In the modern society, communication plays an important role. Use of the computer is increasing which also enhances the need for data transfer. In Mobile communication, user needs are increasing day-by-day which results in development from 2G to 4G network. For various applications like voice call, video calls, Internet browsing, HD videos, Bio-Medical Signal processing all this require significant amount of data transfer. With the conventional parallel method of data transfer, require a large number of pins consuming more area and power. These all increases the research in the interconnects. The most suitable and adopted way of data transfer is serial communication. This growing demand has to be fulfilled by new circuit optimised for increased speed and reduced power.

#### 1.2 Motivation

Increasing demand of interconnect speed has to be optimized for power consumption. Since interconnects are the physical medium, thus they have their limitations and losses. Interconnect IC's has to be designed by keeping all this constrains in mind.
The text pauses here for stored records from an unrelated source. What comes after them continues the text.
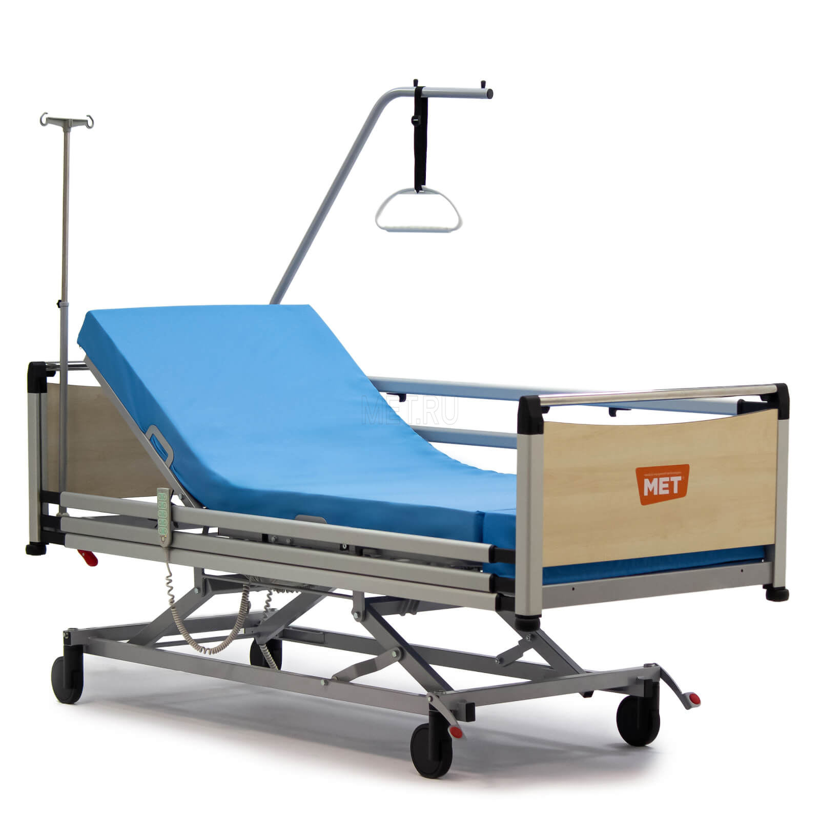 MET REBORN — это медицинская четырехсекционная кровать с электроприводом, предназначенная для ухода за лежачими больными.
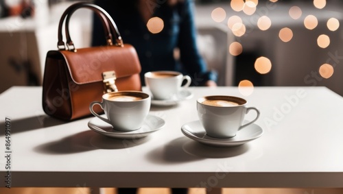 Fototapeta premium photo showing two coffee cups and a woman's handbag placed on a white table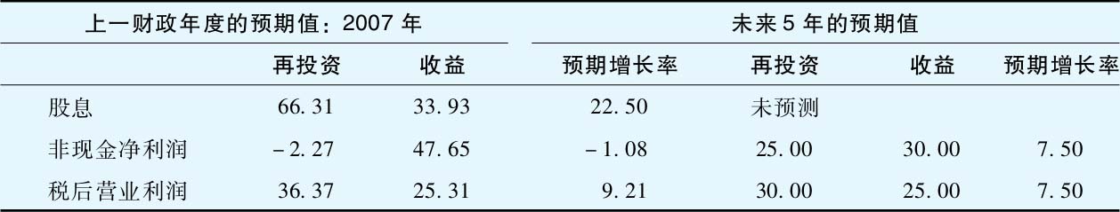 但是从基本面上来看,考虑到目前原本已很高的资本收益率和股权收益率,3M公司似乎不大可能在效率增长方面大展宏图,但关键就在于对新资产的再投资。这种再投资与新增投资的高资本收益率相互叠加,共同带来了可观的增长率。表2-7采用我们为3M公司估计的再投资及收益特征,总结了股息、非现金净利润和税后营业利润的增长情况。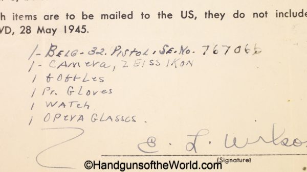 FN 1922 Browning, 7.65mm, German WWII Issue-Full Rig with Capture Paper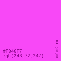 Цвет #F848F7 в цветовой модели RGB обозначается тремя октетами (248, 72, 247) в десятичном формате и #F848F7 в шестнадцатиричном (hex) формате, которые являются интенсивностью красного 248 (hex F8), интенсивность зелёного 72 (hex 48) и интенсивность синего 247 (hex F7).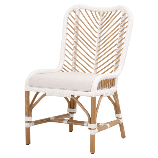 Set Of Two White And Brown Fabric Rattan Bentwood Back Side Chairs

- A interconnect IC must be able to communicate at higher speed
- Must have low power consumption.
- Must be able to minimise the distortion produced by channel and recover data properly.

1.2 Motivation 2

• Must be backward compatible and most importantly must have a vast area of implementation.

Some of the examples where SerDes is used are HDMI, USB, Infiniband, MIPI, PCI Express, SATA, LTE etc.

The related work is done in [1], Sally et. al. using a three-level encoding technique they are able to achieve a data rate of 12Gbps. They have designed a comparatively small phase detector which recovers data and clock from the received data. In [2], a modified three level coding is desirable to reduce the power consumption and decrease the error probability. They have designed a modified three-level encoder and decoder which is also able to recover the clock thus small circuit saves power and chip area. In [3] again they used half data rate self-timed three-level coding to increase the speed to 24Gbps.

In [4] transformer coupled CML technique is used to reduce the power. In this technique, they have reduced the supply voltage in order to obtain the desirable power. Transformer coupled technique with enhanced drain-to-source voltage provides significant drain current per unit of width-to-length ratio, which provides large voltage swing reducing the effect of reduced power supply. In [5] and [6], Jri Lee and *et. al* used the NRZ and PAM4 encoding methods to increase the speed up to 56Gbps. This NRZ and PAM4 are more error resistive and provide a better communication link.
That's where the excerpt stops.